While Mutai copes well with the trappings of wealth and the demands of parenting that derail many high-earning runners from East Africa - he has recently built a new house in Eldoret, has invested much of his earnings in rental apartments and is the proud father of two young girls - his counterpart as women’s race favourite, Mary Keitany, has had other distractions and the proof of her ability to cope with them begins in RAK. The world record holder got married on December 31st, just six weeks ago, and has apparently been training just once a day to feel her way back to full fitness after a momentous 2011 on the roads that saw her RAK run followed by a sub 2 hours 20 minute run in the London Marathon.

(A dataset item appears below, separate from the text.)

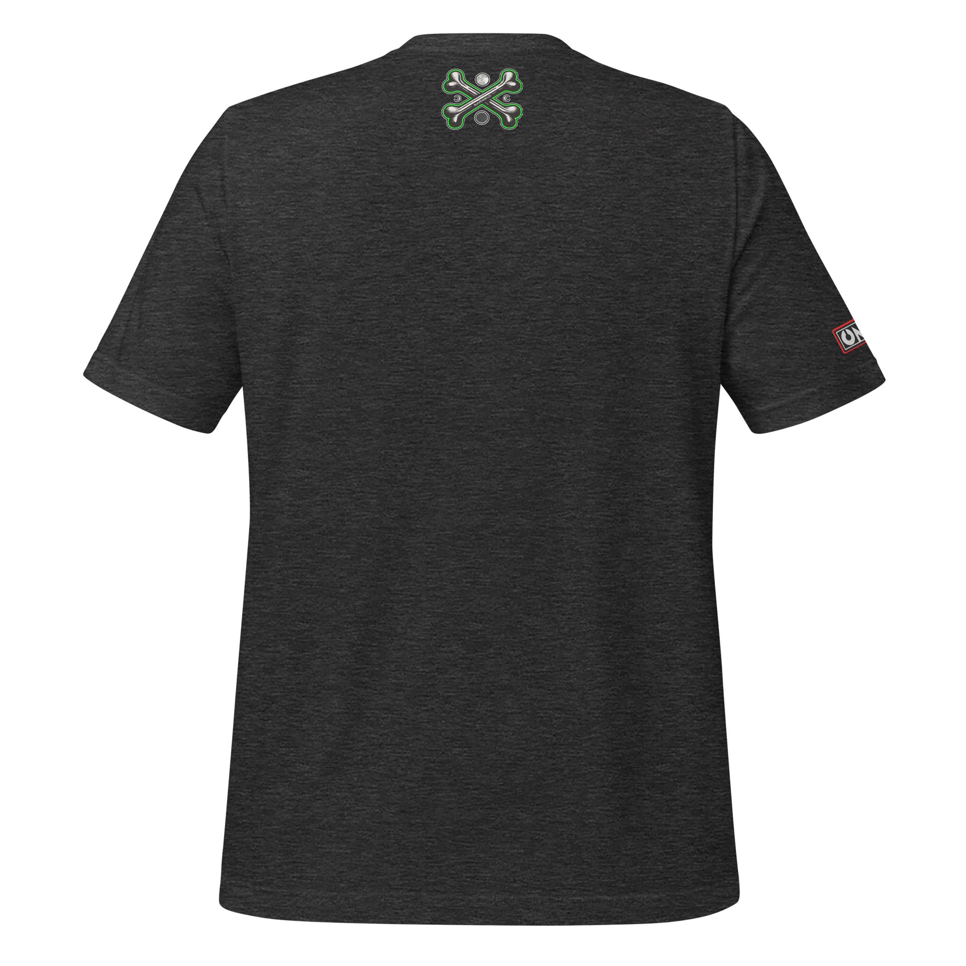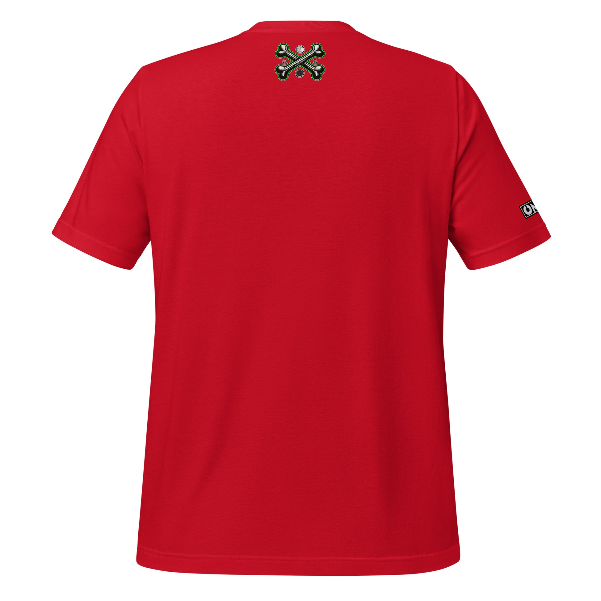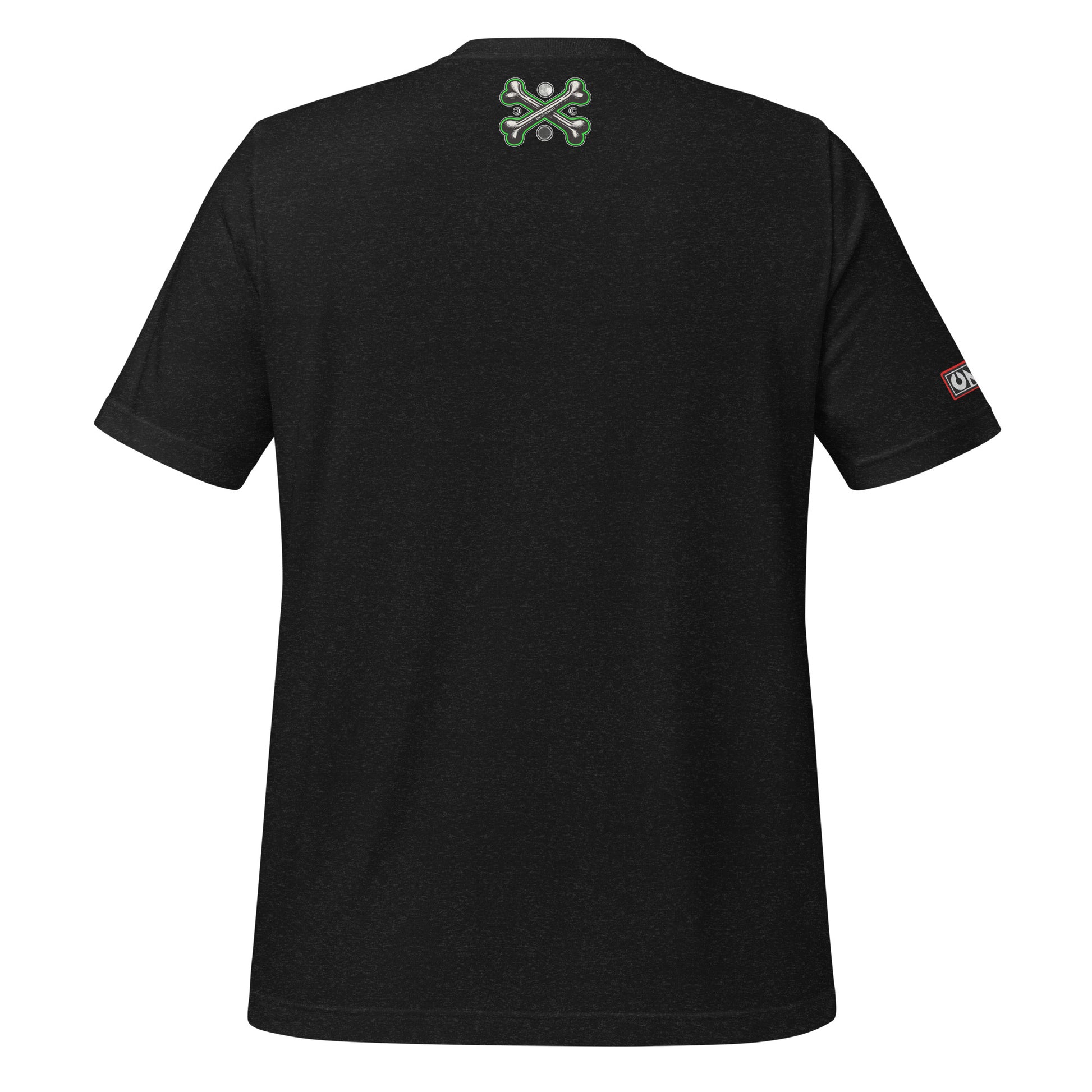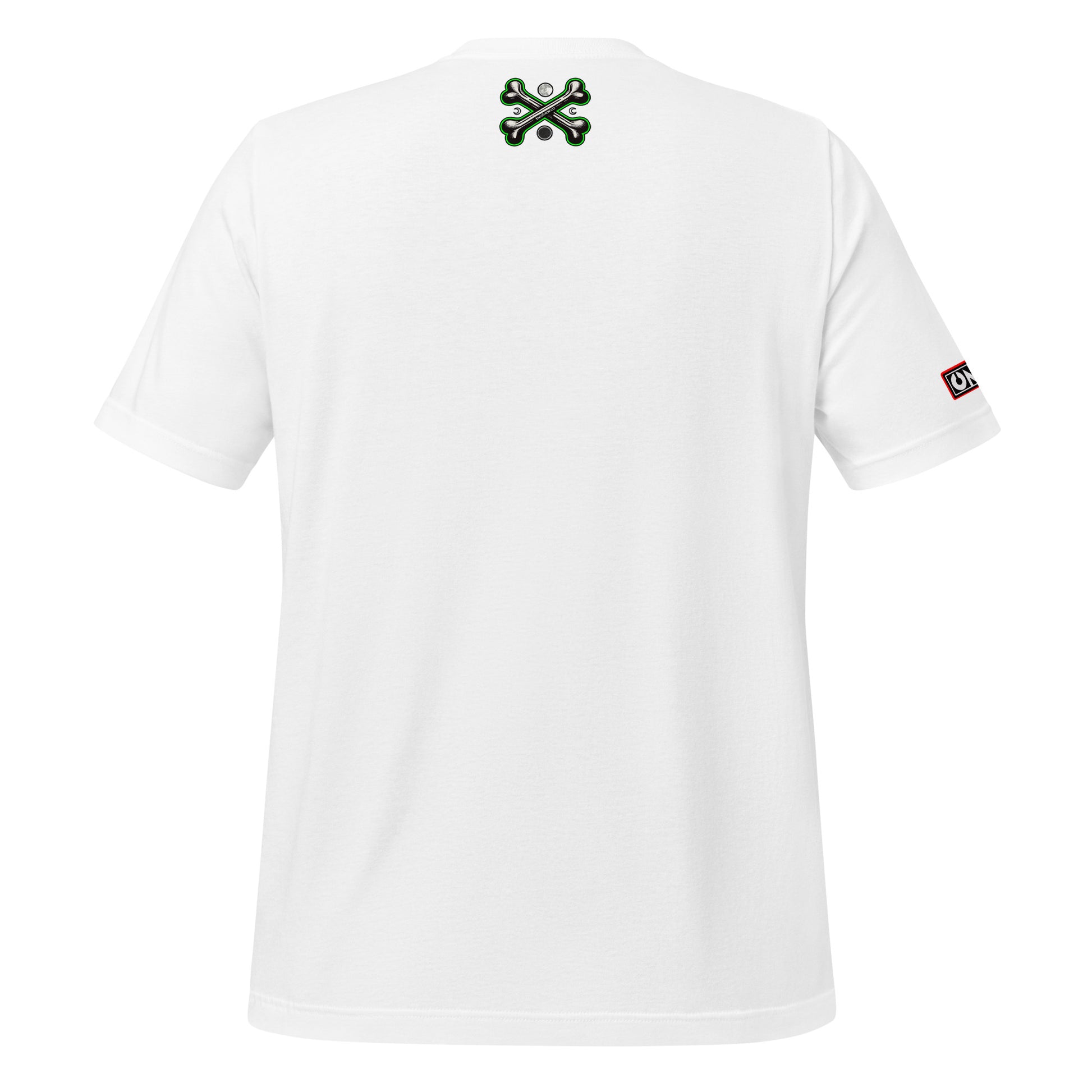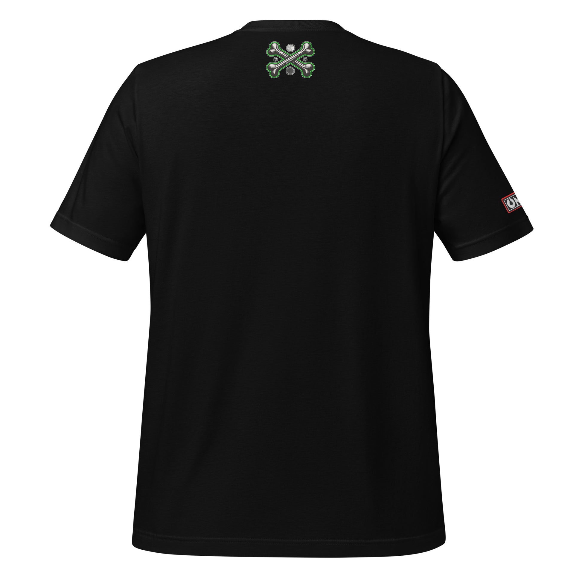 This t-shirt model has 3 different prints: Front, sleeve and upper back area.

None the less, Keitany starts as favourite on Friday, aiming for something around 67 minutes but with the London Marathon in late April as her main objective, she too hopes to secure Olympic team selection at the full 42.2km distance; RAK therefore is a vital indicator of form with 9 weeks to go. To assist a hoped-for return to winning ways after her 3rd place in New York last November - she started at almost suicidal pace and the resulting time of 2:23.38 was remarkably good considering this - there will be a pacemaker for Keitany and any other ladies interested in times around 67 minutes. Knowing that the fastest woman ever at the RAK distance is supposedly vulnerable, might encourage others to take her on at that tempo. The truth will out early this Friday morning with the starter’s gun sending the field of almost 3,000 off shortly after sunrise.